Anycast primary IPv6 unusable from 2a01:b600::/32 (AS43989 - EHIWEB)

As the title says, whenever I try to resolve anything using DoH with the anycast primary IPv6 address for my profile name resolution fails because the connection does not go beyond the TLS client hello (profile ID redacted from destination IPv6 address):

root@tsvm:~# curl -v -H 'Accept: application/dns-json' --resolve dns.nextdns.io:443:2a07:a8c0::REDACTED:REDACTED https://dns.nextdns.io/
* Added dns.nextdns.io:443:2a07:a8c0::REDACTED:REDACTED to DNS cache
* Hostname dns.nextdns.io was found in DNS cache
*   Trying [2a07:a8c0::REDACTED:REDACTED]:443...
* Connected to dns.nextdns.io (2a07:a8c0::REDACTED:REDACTED) port 443
* ALPN: curl offers h2,http/1.1
* TLSv1.3 (OUT), TLS handshake, Client hello (1):
*  CAfile: /etc/ssl/certs/ca-certificates.crt
*  CApath: /etc/ssl/certs

The same curl towards the anycast secondary IPv6 address completes correctly.

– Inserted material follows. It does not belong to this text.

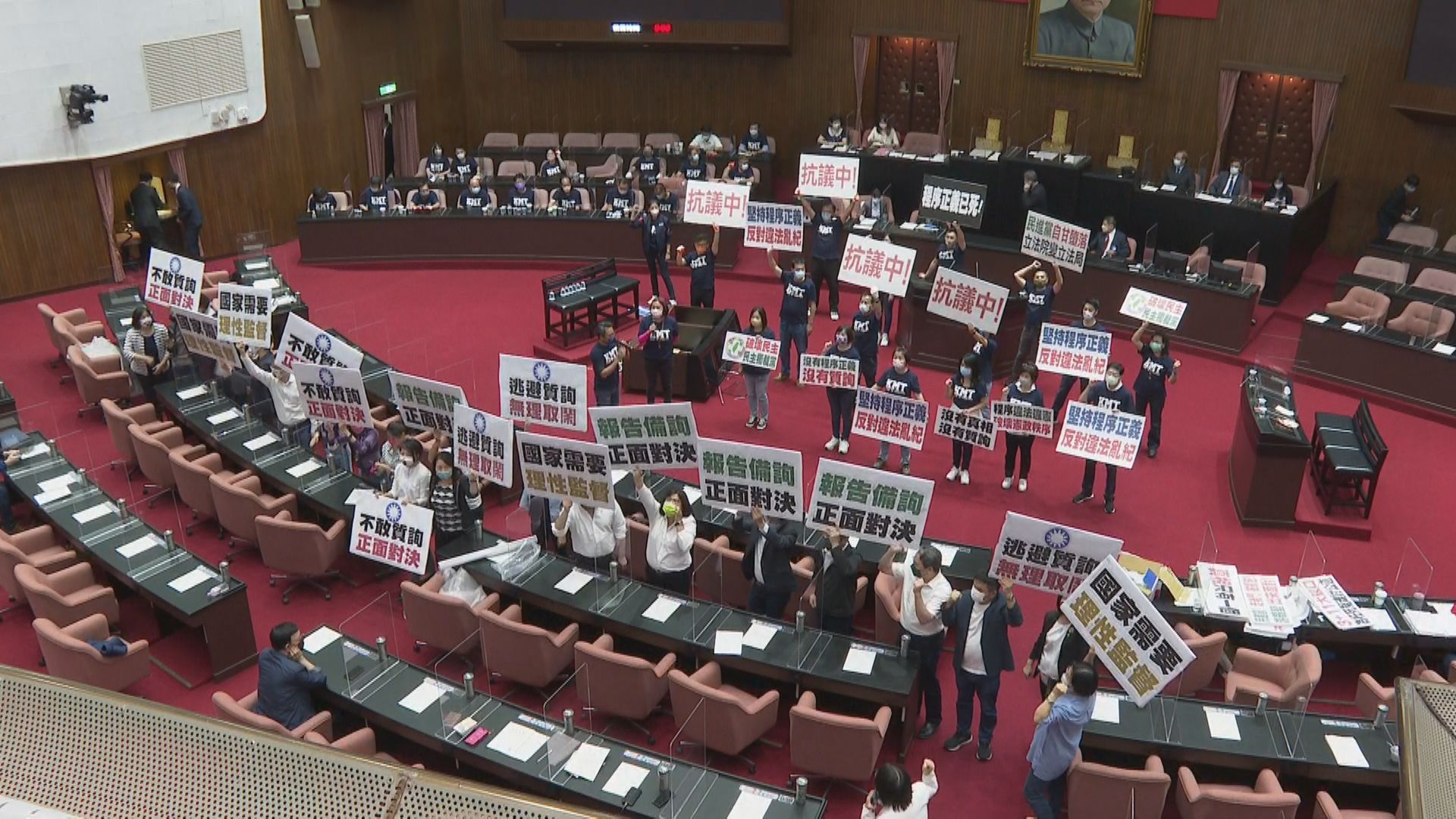 大喊口號諷刺民進黨獨裁專政,但綠營早有準備,民進黨同樣搬出手板,反諷國民黨不敢正面對決,就這樣藍綠陣營你喊你的、我喊我的,立法院再度空轉一個上午。

Also, ping.nextdns.io reports reachability errors for the following PoPs:

• zepto-zrh (IPv6)

• anexia-zrh (IPv6)

• zepto-zag (IPv6)

• hetzner-nue (IPv6)

• anexia-vie (IPv6)

• anycast.dns1.nextdns.io (IPv6)

IPv4 reachability is unaffected and other IPv6 PoPs are unaffected as well.

This is definitely an MTU/PMTUD issue between my ISP and those PoPs because if announce 1492 as the path MTU in the IPv6 RA messages the affected PoPs suddenly become reachable.